Sunday, January 24, 2010

The White Elephant Family

For about as long as I can remember I've had this disease. It started only with pulling my eyelashes and I didnt start pulling my eyebrows until college when a friend mentioned that I should "have my eyebrows done". As anyone with trich would probably tell you, that is not a simple statement as, like everything else, I overdid it and pulled most of my eyebrows out from that point forward (btw, I have not pulled any eyelashes since my last post although I have pulled 2 eyebrow hairs- guess this is still slight progress). Anyway, I digress.

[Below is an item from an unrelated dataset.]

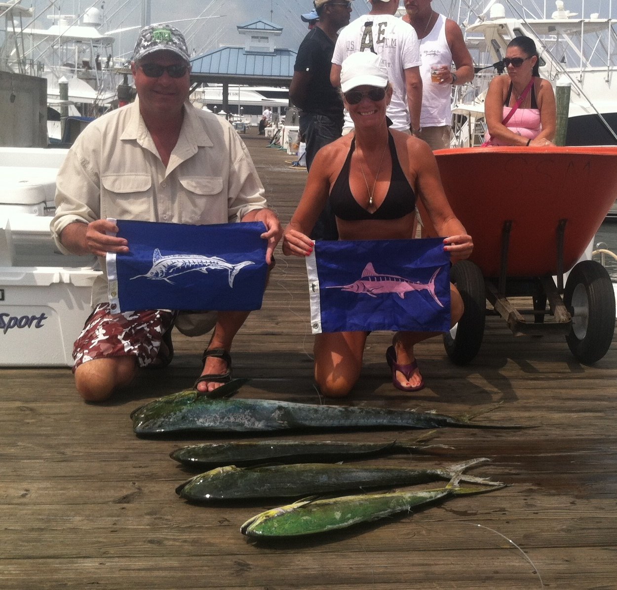 Rhonda’s Osprey was on the troll practicing for the White Marlin Open today and had some pretty good luck. Captain Joe Drosey and crew put their party on two white marlin releases and some nice gaffer mahi.

My family is obviously aware that I have this problem and over the years I learned that my mother had it (she says she pulled out all of her eyelashes at one point and then just stopped, God I wish it was that simple for me), my great uncle had it, as did/does my cousin (my cousin used to pull out the hair on top of her head as well as her eyebrows and eyelashes- it went on for her entire childhood but she kicked it a long time ago). You would think with all those people to talk and relate to it would be easy to gain support. Not so.

I recall when I was younger, maybe 10 or so, and my father was going on a business trip. At that point I had only some of my eyelashes and I distinctly recall my father literally drawing a picture of my eyes and the eyelashes I had remaining so that he could compare what I had left when he came back. I think they were hoping that this, and possibly a subsequent punishment, would help me stop but I only recall the humililation of this being done and dont remember what happened when he got back. At some point in my life, my family stopped talking about it at all and it just became the white elephant in the room. Even my younger sister, who I would torture like many younger sisters get tortured, never, not once, used the disease as a comeback or insult to hurt me (i give her a ton of credit for this).

I dont know why it isnt talked about. I've tried to talk to my cousin and find out what helped her stop but she really did not want to talk about it and only said she now "twirls" her head hair but doesnt actually pull anything (i do notice that she now picks at her fingers quite a bit). My uncle has since passed away and I never had the opportunity to speak with him and my mother cant understand why I havent just stopped like she did (and now I cant recall the last time we've spoken about it). It's very bizarre. Clearly everyone in my family knows but we just dont talk about it and since it's been so long since we have discussed it, I dont even know how to bring it up (or if I really want to).

At 29 years old it should now be up to me to bring it up, to seek their support and help them to understand what I'm going through so they can help me. My sister is probably the only one who knows how difficult it is for me and will talk to me about it when I want to, I dont fault her at all since I know that she isnt bringing it up because she knows it makes me feel uncomfortable to talk about. But its probably time to break down all the walls because again, I've tried everything else and dont think I can get through this without the support of friends and family. It's just that talking about it can be so incredibly difficult (i've told a few friends over the years but I'll talk about how that went another time). I guess this is now my step 1 and this is the week I will talk to them again. Ugh. I guess I just have to keep telling myself that this may be what helps me beat this disease, and I so badly want to beat it.

Reason #1 to stop (i'm going to start doing this at the end of every post, feel free to post your own reasons, maybe we can compile a large reminder list when it gets tough): the feeling that you have to run to the bathroom when hooking up with a guy to make sure the eyeliner is still in place so he doesnt easily see what is missing.